Чичиков постарался объяснить, что его соболезнование совсем не такого рода, как капитанское, и что он не пустыми словами, а делом готов доказать его, и, не откладывая дела далее, без всяких обиняков, тут же изъявил готовность принять на себя обязанность платить подати за всех крестьян, умерших такими несчастными случаями. Предложение, казалось, совершенно изумило Плюшкина. Он вытаращил глаза, долго смотрел на него и наконец спросил: «Да вы, батюшка, не служили ли в военной службе?»
«Нет», отвечал Чичиков довольно лукаво: «служил по статской».
«По статской?» повторил Плюшкин и стал жевать губами, как будто что-нибудь кушал. «Да ведь как же? Ведь это вам-то самим в убыток?»
«Для удовольствия вашего готов и на убыток».

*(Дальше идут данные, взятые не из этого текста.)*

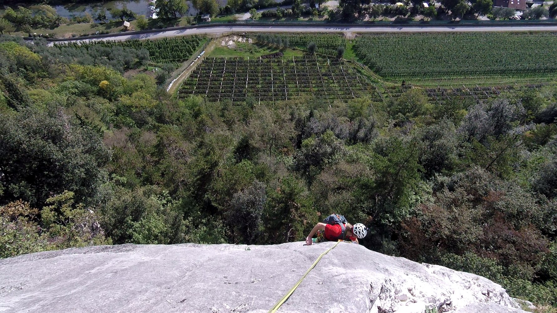 Zur Pizzeria Lanterna und die Straße kurz zurück in Richtung Arco - ein Steiglein führt hinauf zum Klettergarten (mit einem markanten Doppelrissdach). Links auf dem breiten Pfad der Wand entlang, dort wo der Pfad etwas ansteigt, kommt man direkt am Einstieg vorbei. Die Route ist blau angeschrieben. Die Route verläuft im linken Wandteil der Parete San Paolo.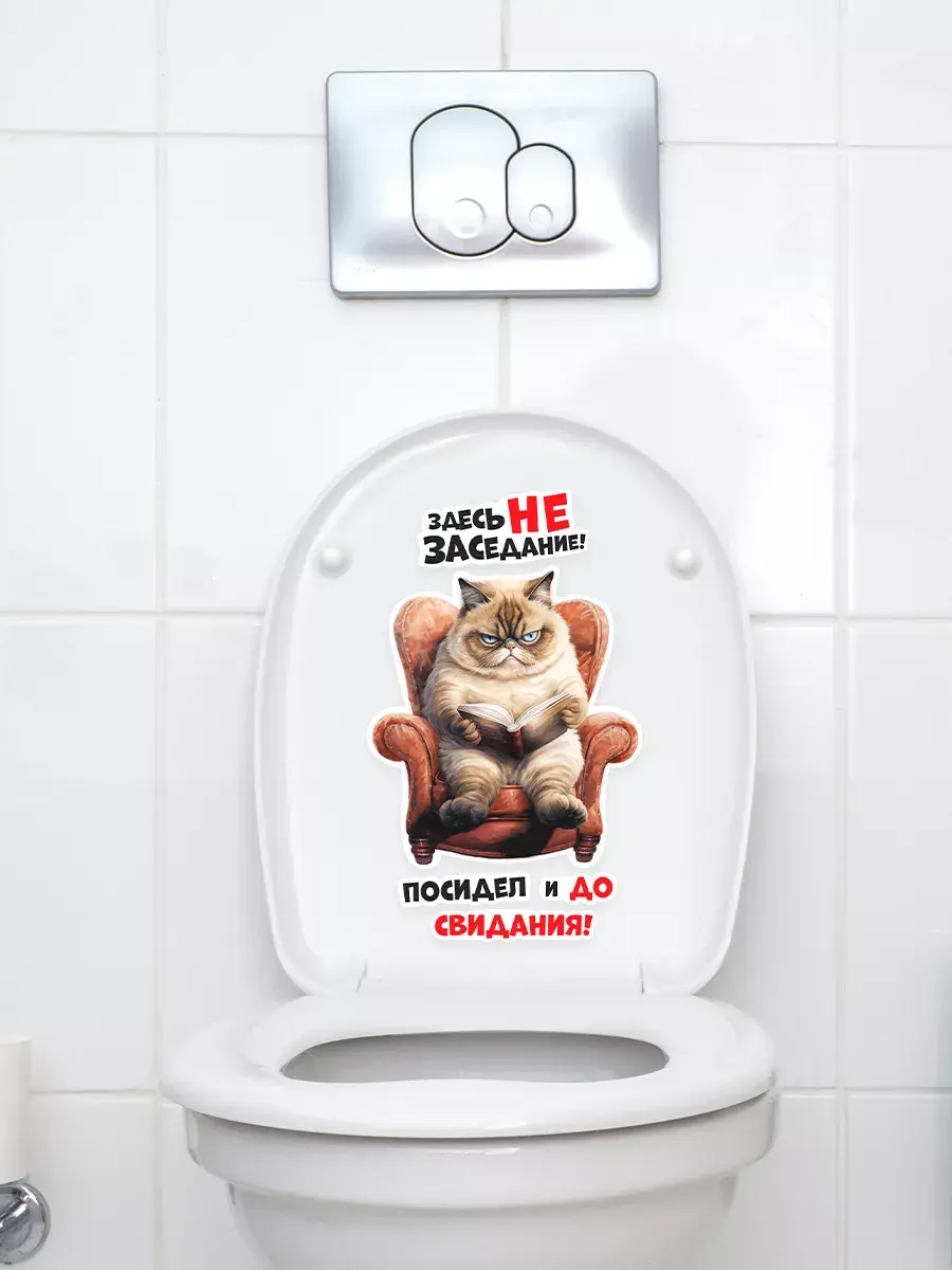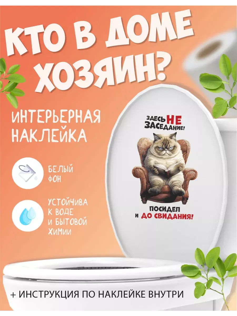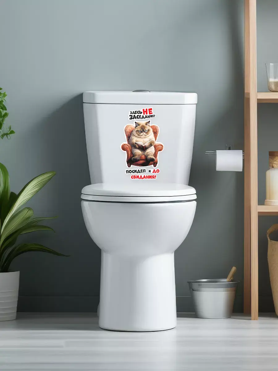 Ваша ванная комната или туалет станут еще уютнее и забавнее благодаря этой замечательной наклейке с котом на крышке унитаза! Этот веселый, позитивный и милый элемент декора внесет радость в любой дом. Стильная надпись «Здесь не заседание, посидел и до свидания» придаст особый шарм вашему пространству, а возможность менять положение наклейки позволит подогнать её под ваши предпочтения. Наклейка выполнена из высококачественных материалов – водонепроницаемой белой пленки, которая прекрасно переносит условия высокой влажности, характерные для ванных комнат и туалетов. Благодаря этому она прослужит долго, сохраняя свой первоначальный вид. Качественная печать обеспечивает четкие цвета и детализацию изображения даже при близком рассмотрении. Это отличный способ добавить индивидуальности и стиля в пространство вашего дома без значительных затрат времени и денег. Котик, который смотрится так грозно, на самом деле очень добрый и обязательно принесет улыбку каждому, кто его увидит. Не упускайте возможности превратить обычную ванную комнату или туалет в место, полное радости и хорошего настроения с этим прекрасным декором!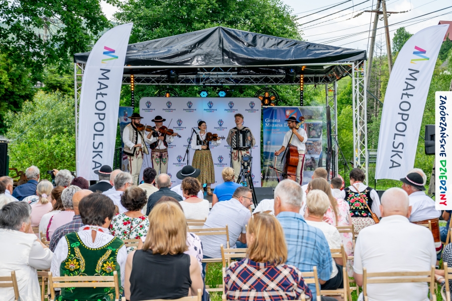 Piękna pogoda, dobra muzyka i kuchnia regionalna, produkty lokalne i niepospieszne biesiadowanie... Czy można dodać do tego coś więcej? My ten ciekawy program uzupełniliśmy prelekcjami dot. tego, co drzewiej Zagórzanie serwowali sobie i swoim gościom na co dzień i od święta oraz zwiedzaniem siedemnastowiecznej świątyni z Zagórzańskim Informatorem Turystycznym. Były też artystyczne warsztaty dla dzieci oraz pokaz gotowania klusek od ucha do ucha... To wyjątkowe spotkanie z żywą kulturą ludową rozpoczęliśmy jednak od wspólnej modlitwy podczas comiesięcznej Zagórzańskiej Mszy św. Pięknie w kościele p.w. św. Marii Magdaleny wybrzmiały głosy muzykujących zagórzańskich rodzin, dla których był to przedsmak popisów scenicznych. Krzysztofy z Mszany Górnej (Pan Boguś to nasze ostatnie odkrycie! Ach, co to za artysta!), SAGA Nawarów z Olszówki, Kuczaje z Lubomierza, Nawary z Kasinki Małej/Zagródca, Szywały z Poręby Wielkiej oraz współorganizatorzy wydarzenia – Kościelnioki z Olszówki (Stowarzyszenie Miłośników Kultury Góralskiej Pod Cyrlom) przypomnieli znane i mniej znane zagórzańskie melodie i przyśpiewki, porwali publiczność do wspólnego śpiewu, zapewnili prawdziwą ucztę duchową dla wszystkich uczestników Festiwalu. Energii do wspólnej zabawy, zwłaszcza nogom, które same rwały się do tańca, dodawały słodkości od Cukierni Babeczka, a upał i zapędy studziły kraftowe Lody i Spółka. O ucztę cielesną zadbały niezastąpione Śwarne Babki z KGW Łętowe szczodrze częstując zagórzańskim dobrem: korpielanką z razowym kołocem oraz pierogami z suszonymi śliwkami. Hitem, jak zwykle zresztą, był pokaz gotowania sapki – to nie tylko widowisko, ale dla wielu również podróż sentymentalna w czasy dzieciństwa… Taką wycieczkę do smaków, o których współcześnie już zapomnieliśmy, zafundowała wszystkim również Monika Kurzeja, etnomuzykolożka i dialektolożka, pracująca na co dzień w Małopolskim Centrum Kultury SOKÓŁ w Nowym Sączu. Z właściwym sobie wdziękiem, dowcipem i błyskotliwością zaprezentowała „Kulinarne dziedzictwo Górali Zagórzańskich z perspektywy dialektologicznej”. Weszła w piękną interakcję ze swoimi słuchaczami i… uruchomiła pracę ślinianek! Marzenia o dobrym, wartościowym i treściwym posiłku podsyciła jeszcze bardziej Józefa Węglarz, gaździna z Łętowego, która z kolei zabrała wszystkich w pachnący, aromatyczny, smaczny i zdrowy świat ziół. Ciekawie opowiedziała o tym, których roślin używali i używają nadal Zagórzanie, aby odpowiednio skomponować wszelkie walory swoich potraw. Dobrze, że na zewnątrz czekał już poczęstunek przygotowany z rodzimej rasy jagnięciny, bo trudno byłoby dotrwać przy tak rozbudzonych apetytach do kolejnej części programu. Jego gwoździem, czyli punktem kulminacyjnym, było zwiedzanie najstarszego zabytku w Gminie Mszana Dolna, zagórzańskiej perełki, czyli kościoła p.w. św. Marii Magdaleny w Kasinie Wielkiej z 1624 r. W tę ciekawą, historyczną podróż zabrał wszystkich chętnych Grzegorz Kubowicz, Zagórzański Informator Turystyczny. Jak on opowiada, zwłaszcza o ołtarzach!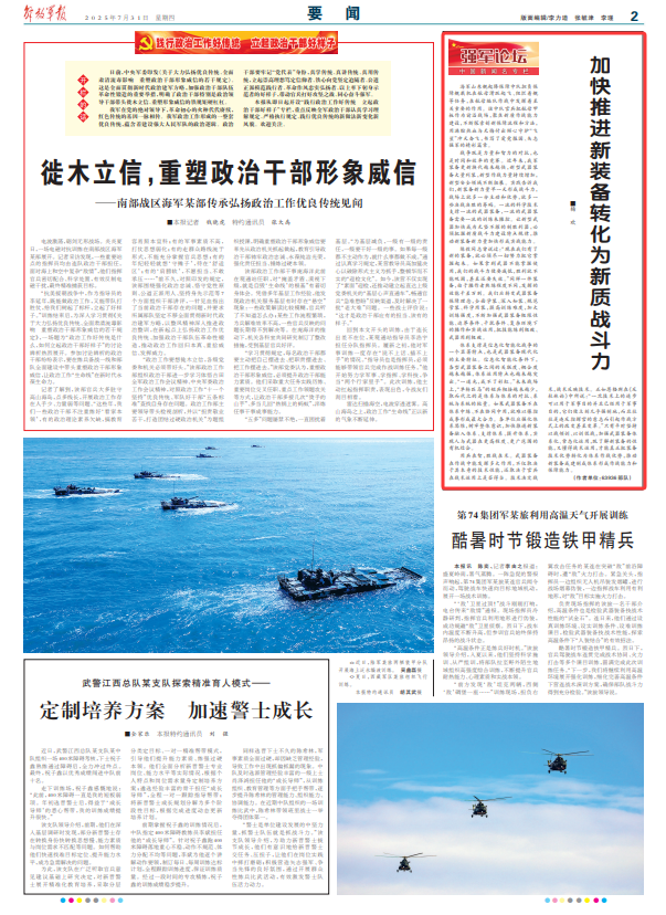 战争既是力量和智力的对抗,也是时间和效率的竞赛。近年来,我军装备更新换代越来越快,新型武器装备大量列装,新型作战力量持续增加,新型安全领域不断拓展。实践告诉我们,新装备新力量早一天形成战斗力,战场上就多一分主动和优势,就多一些决战决胜的筹码。一流的科学技术支撑一流的武器装备,一流的武器装备需要一流的训练来操控。让新型武器加快成为无坚不摧的制胜利器,必须把握新质战斗力建设特点规律,推动新装备新力量加快形成实战能力。

«Ах, батюшка! ах, благодетель ты мой!» вскрикнул Плюшкин, не замечая от радости, что у него из носа выглянул весьма некартинно табак, на образец густого кофея, и полы халата раскрывшись, показали платье, не весьма приличное для рассматриванья. «Вот утешили старика! Ах, господи ты мой! ах, святители вы мои!..» Далее Плюшкин и говорить не мог. Но не прошло и минуты, как эта радость, так мгновенно показавшаяся на деревянном лице его, так же мгновенно и пропала, будто ее вовсе не бывало, и лицо его вновь приняло заботливое выражение. Он даже утерся платком и, свернувши его в комок, стал им возить себя по верхней губе.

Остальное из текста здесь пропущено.